As already stated, this is the ideal situation for the future; currently, the highest levels of the pyramid in Figure 2 are not automated. The strategy control and the mode control are selected by plant operators that manually run the required simulations and select the strategy to implement and the different modes this strategy goes through. Only the low-level control is implemented in the DCS of the power plant. Some newer plants, like the one in Ouarzazate, Morocco, have succeeded in implementing the Meteo Model and the Plant Model included in Figure 1, but the whole schematic is still to be fulfilled.
The goal of this paper is to use the TES model described in [30] in order to optimize the charge/discharge process of heat storage systems (which corresponds to a low-level variable control) and, hence, contribute to improving the overall efficiency of the solar thermal plant. Additionally, the results obtained will be compared to those obtained in a real plant, which is something researchers rarely have the opportunity to do. By comparing real and simulated data, it will be possible to determine that the results provided by the model can be used to persuade plant CEOs to make decisions (such as selecting the most adequate control strategy for the thermal energy storage system) based on results provided by simulation models. In this work, several control techniques were considered in order to determine the most appropriate strategy. Simulation results and actual measurements for each of these techniques were compared, thus determining the accuracy of the model used for the charge/discharge of the thermal energy storage system.

2. Materials and Methods

TES systems have different operation modes that must be clearly defined before trying to determine the most adequate control method for the TES process. There is not only one type of TES; it is possible to find sensible heat storage, latent heat storage, chemical storage and cascaded storage [6,32], although only some of them are currently feasible [33,34]. Most commercial TES systems consist of: one cold salt tank, one hot salt tank, an HTF-salt exchanger, pumps (to move the molten salt from one tank into the other), pipes and control valves [35]. This is the type of TES considered in this paper, although one-tank TES are also very popular in the literature [36,37,38]. It must be noticed that the use of TES is not limited to solar thermal plants: they can be integrated in other systems such as oil-fired conventional power plants [39], nuclear power plants [40] or many other applications such as hot water supply, air conditioning, heat pumps, buildings, cogeneration, etc. [41].

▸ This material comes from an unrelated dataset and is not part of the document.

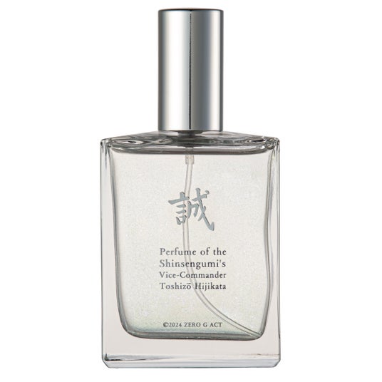 土方歳三が所属していた新撰組をイメージした「誠」の刻印とキャップが、透明なガラスボトルの上で刀のような銀色に輝きます。香水の中には意外とロマンチストな一面をイメージしたセクシーな青紫のラメが上品な美しさを醸し出し華麗に舞い踊ります。

Figure 3 shows a schematic representation of the disposition of the TES in a solar thermal plant. This type of representations is widely accepted in literature [2,28,42] to represent the three main circuits in plants of this kind: the solar field (SF), through which the heat transfer fluid (HTF) circulates, the power block, which circulates water and steam, and the TES system.
The performance of a TES system defines three possible operation modes: charge, discharge and idle mode. For the sake of simplicity, the present work will only consider the discharge process to illustrate the performance of the different control methods presented; the charge process performs similarly. As far as the idle mode is concerned, no control is required related to the thermal energy storage. It is true that during this mode the temperature of the molten salt must be observed in order to guarantee that it is always above its freezing temperature. Should the salt temperature drop below the minimum permissible value, security measures will be taken: if temperature reaches 260 °C, a set of heating resistors attached to the tank will be turned on until the temperature is measured to be 265 °C; rather than a control strategy, this is simply an on-off security system with hysteresis.

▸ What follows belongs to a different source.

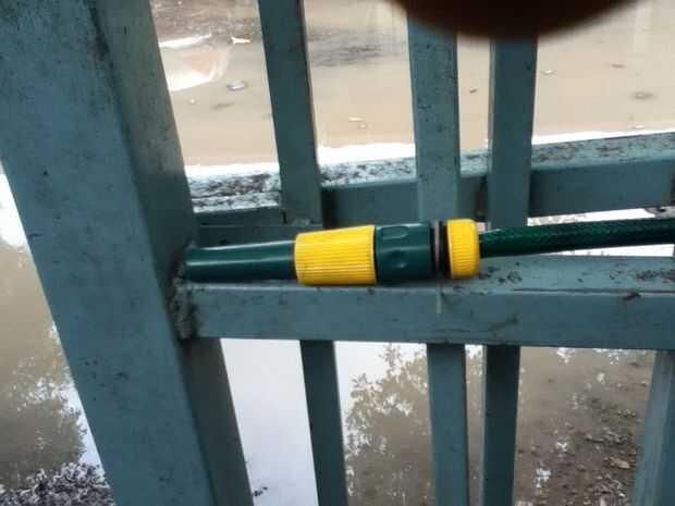 Con la manguera esta aquí será su último paso. Ponga la cabeza de la manguera para parar el agua que sale y el otro extremo al grifo listo para usar

All the simulation and modelling work presented in this paper has been developed using MATLAB-Simulink R2012b. This software package has also been used in other works [43,44,45], but the equations and methodology described could be easily adapted to any other simulation environment. Figure 4 shows a Simulink block representation of the discharging process. A description of the signals associated to this block can be found in Table 1, Table 2 and Table 3: input variables, perturbation variables affecting the process and output variables. All these variables are associated to the area labeled TES in Figure 3; output variables and perturbations are involved in the operation of the heat exchanger, whereas input variables determine the operation of the valves that allow circulation from one salt tank to the other [30].
All these variables were adequately included in the model that will be used throughout this paper to test different control strategies. The discharge process is meant to transfer the heat stored in the hot salt to the HTF in order to make it hot enough to be used in the water-steam cycle. Therefore, the goal during this operation mode is regulating temperature THTFH. This must be achieved by conveniently determining the set points for the valves in the system, SPOC and SPOR, and the set points for the frequency converters of the pumps, SPVHi; perturbations must also be taken into account, and other output variables must also be observed to gain insight into what is actually happening. This model has already been validated in [30] by considering simple control methods: a semiautomatic control and a PID regulator. In the present paper more advanced control solutions will be tested.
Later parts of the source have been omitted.